The Best (and Worst) Classic Dad Jokes 👋

Get ready for timeless humor with our collection of classic dad jokes! These iconic, laugh-out-loud jokes have been making people groan and giggle for generations. Perfect for anyone who loves the charm of old-school humor, our classic dad jokes feature the best one-liners and puns that never go out of style. Whether you’re sharing them at family gatherings or just looking to brighten your day, these classic jokes are sure to deliver the perfect punchline every time. Explore our collection and rediscover the magic of classic dad jokes!
What did the banana say to the boy? Nothing, bananas can't talk!
We all know about Murphy’s Law: anything that can go wrong will go wrong. But have you heard of Cole’s Law? It’s thinly sliced cabbage.
Why can't your hand be 12 inches long? Because then it would be a foot.
What do you call a fibbing cat? A lion.
How do you get a squirrel to like you? Act like a nut.'
I used to play piano by ear, but now I use my hands.
How do you tell the difference between an alligator and a crocodile? You will see one later and one in a while.
What country's capital is growing the fastest?' 'Ireland.
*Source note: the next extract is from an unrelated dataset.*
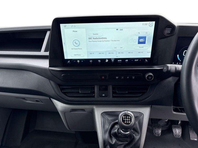 13" Touchscreen, 5G embedded modem, AECS NO SMS/Roll Detect 2G, PAS, Tyre pressure monitor, SYNC 4 - Android Auto/Apple Car Play, advance speech recognition, over the air update capability, Automatic headlights, Automatic windscreen wipers, Daytime running lights, Electric front windows with one touch facility for driver and front passenger, Front mud flaps, Front splash guards, Gloss black door mirrors, Low roof line, Part body colour front bumper, Quickclear front window defroster, Rear cargo hinged door, Rear splash guards, Trailer sway control, 6 Load compartment tie down loops, Courtesy light, Interior grab handle with driver's sunglasses holder, LED lights, Locking glove box lid, Sensico gearshift knob, Passenger airbag, 2 remote keys, Alcohol Interlock wiring preparation pack, Locking wheel lug nut, Thatcham category 1 alarm, 20L AdBlue tank, ABS, Diesel particulate filter, ESP, Hill launch assist, Limited Slip front axle - mLSD, Traction control, 16" Steel spare wheel, Full wheelcovers,

Every day it's Dublin.'
I didn't want to believe that my dad was stealing from his job as a traffic cop, but when I got home, all the signs were there.
I once wrote a song about a tortilla, but it's more of a wrap.
My wife and I have decided not to have kids. The kids are taking it pretty badly.
I was playing chess with my friend and he said, 'Let’s make this interesting.' So we stopped playing chess.
What’s the least spoken language in the world? Sign language.
What happens when it rains cats and dogs? You have to be careful not to step in a poodle.
Why should you never brush your teeth with your left hand? Because a toothbrush works better.